Tidak semua bidan mau melakukannya sesuai dengan aturan, ada juga bidan yang melakukan kelalaian dalam menjalankan tugasnya atau tidak sesuai dengan standar pelayanan medis, sehingga pasien menderita luka atau berdampak mati biasa dikenal dengan Bidan Malpraktik. Salah satunya yaitu berita.
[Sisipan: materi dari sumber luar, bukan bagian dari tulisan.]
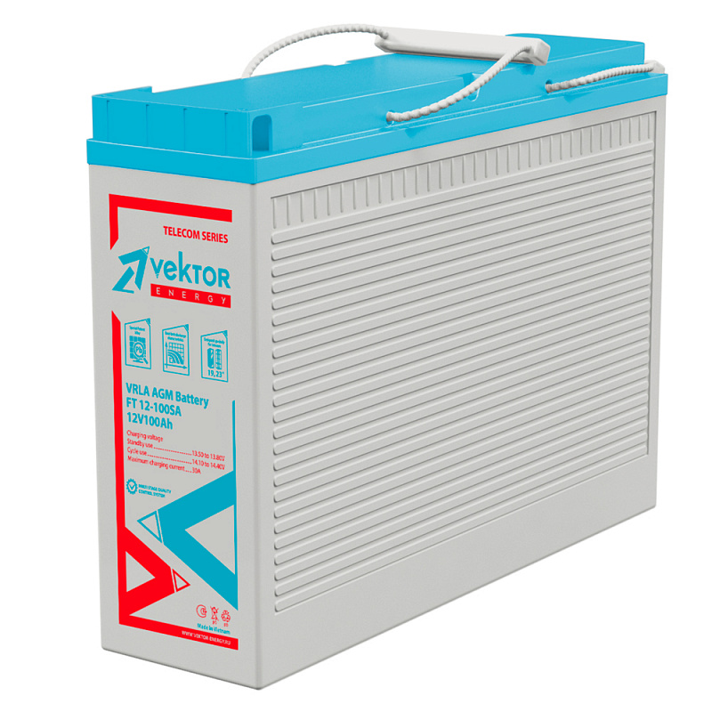 Фронтально-терминальный аккумулятор Vektor FT 12-100SA (12 В, 100 Ач) выпускается по технологии AGM и подходит для установки в 19 и 23 дюймовую серверную стойку или шкаф. Он подходит для источников бесперебойного питания средней мощности, железнодорожного транспорта, телекоммуникационного оборудования, центров обработки данных и других ответственных узлов. Благодаря специальному Pb-Ca-Sn-Al сплаву Vektor FT 12-100SA обладает повышенной плотностью энергии, устойчивости к коррозии, низким саморазрядом и длительным сроком службы — 15 лет. Vektor FT 12-100SA подходит для эксплуатации в экстремальных температурных условиях: от -20°C до +60°C.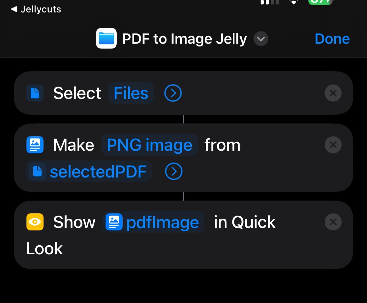 - Compare the actions within this shortcut to those of the original "PDF to Image" shortcut. You should observe that all actions, their configurations, and their order are identical. This demonstrates the accuracy of Jellycuts' import and export capabilities.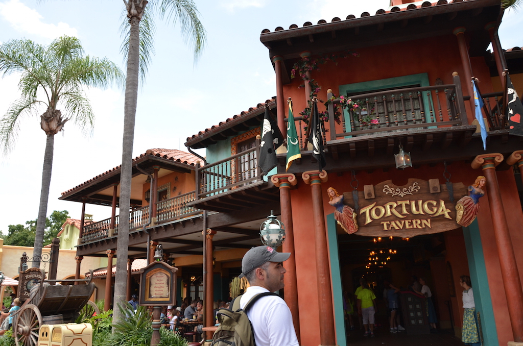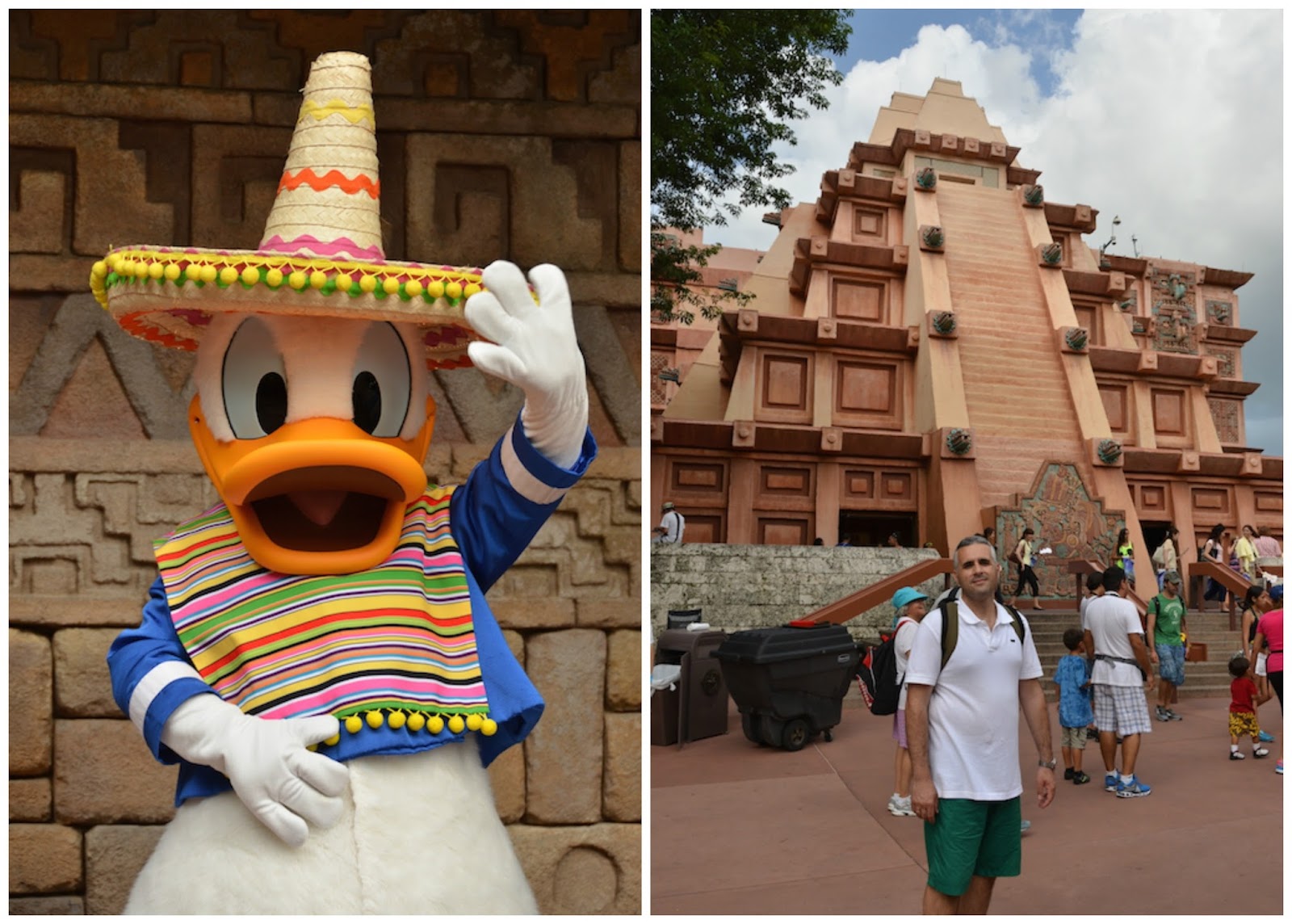Viniendo de la atracción del simulador aeroespacial (señalado en el plano con el número 3), nosotros empezamos la visita por México, donde nos recibió un gracioso pato Donald mimetizado con la cultura mexicana, además podemos encontrar mariachis, vendedores de sombreros y hasta una pirámide maya.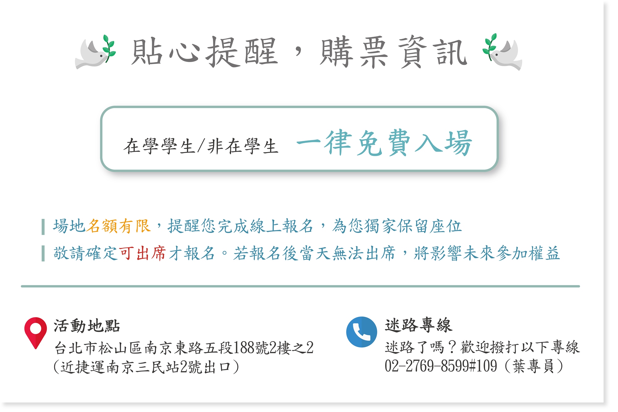 - 與會者可現場向基金會憑證件借閱指定讀物,結束暨回收不可將讀物帶離會場;

Polisi telah menyelesaikan penyidik kasus dugaan malpraktik oknum bidan di
Prabumulih, Sumatera Selatan, yaitu Zaenab alias ZN (51). Dengan mengenakan
baju tahanan, Zainab diserahkan polisi ke Kejaksaan untuk proses hukum
selanjutnya. Kapolres Prabumulih AKBP Endro Ariwibowo menyampaikan
bahwa berkas sudah tahap dua, karena berkas tahap satu telah diselesaikan
oleh penyidik gabungan dari Satreskrim Polres Prabumulih dan Ditreskrimsus
Polda Sumsel dan diserahkan ke Kejari Prabumulih pada 20 Mei 2024 lalu.
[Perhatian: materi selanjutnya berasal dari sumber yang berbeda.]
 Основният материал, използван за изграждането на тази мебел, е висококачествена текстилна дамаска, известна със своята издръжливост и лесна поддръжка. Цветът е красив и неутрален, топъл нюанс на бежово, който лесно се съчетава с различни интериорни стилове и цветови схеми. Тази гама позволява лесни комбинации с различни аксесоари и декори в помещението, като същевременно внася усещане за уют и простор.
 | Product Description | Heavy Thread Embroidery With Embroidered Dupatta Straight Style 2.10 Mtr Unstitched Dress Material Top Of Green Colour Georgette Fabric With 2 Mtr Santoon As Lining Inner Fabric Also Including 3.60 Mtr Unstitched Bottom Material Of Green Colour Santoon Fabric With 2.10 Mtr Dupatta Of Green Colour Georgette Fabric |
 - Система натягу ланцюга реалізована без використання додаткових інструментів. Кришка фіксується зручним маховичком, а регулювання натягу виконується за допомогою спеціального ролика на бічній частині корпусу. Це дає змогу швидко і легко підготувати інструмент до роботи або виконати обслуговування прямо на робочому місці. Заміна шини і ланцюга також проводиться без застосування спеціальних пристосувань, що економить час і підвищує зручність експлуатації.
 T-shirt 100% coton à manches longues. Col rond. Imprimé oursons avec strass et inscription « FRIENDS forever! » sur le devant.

Sebenarnya, Zainab diketahui sudah ditetapkan menjadi tersangka sejak 15 Mei
2024. Karena sebelumnya,
terungkap bahwa izin praktik oknumnya di
Prabumulih (SIPB) ternyata sudah mati dan tidak diperpanjang sejak tahun
2010. Namun, hal itu terungkap setelah barang bukti surat izin tersebut disita
kepolisisan.
Selain itu, ada juga surat tanda register bidan atas nama yang bersangkutan
yang telah mati sejak 28 Januari 2017, berikut ijazah pendidikannya yaitu D1, D3,
D4 dan S2 yang telah diamankan. Bahkan, malpraktik Zaenab sebenarnya
sudah lama terdeteksi oleh Pemerintah Kota Prabumulih yang pada 18 Maret
2021 mengeluarkan surat tegur agar Zaenab menghentikan praktik bidannya
itu, dan dibuktikan dengan adanya surat teguran atau peringatan dari Dinas
Kesehatan Prabumulih juga diamankan, beserta obat-obatan dan alat kesehatan,
pakaian tenaga medis dokter, dll.
Dan dengan sejumlah barang bukti tersebut polisi akhirnya berkeyakinan
untuk menetapkan Zaenab menjadi tersangka. Zaenab juga mengakui
perbuatannya selama 14 tahun melakukan praktik bidan ilegal tanpa izin dari
Pemkot serta tidak memiliki surat tanda register (STR) dan surat izin praktek
bidan (SIPB) dan ia mengakui adanya teguran dari dinas kesehatan kota
Prabumulih namun tidak dihiraukan dan tetap membuka praktik. Sehingga
polisi memastikan bahwa Zaenab melakukannya hanya untuk keuntungan
pribadi mendapat uang pembayaran berobat dari masyarakat.

Dengan demikian, Zaenab mendapatkan hukuman 5 tahun penjara dan denda
Rp 500 juta atas perbuatannya melanggar pasal 441 ayat 1 dan 2, pasal 321 b,
pasal 439 UU no. 17 tahun 2023 tentang kesehatan.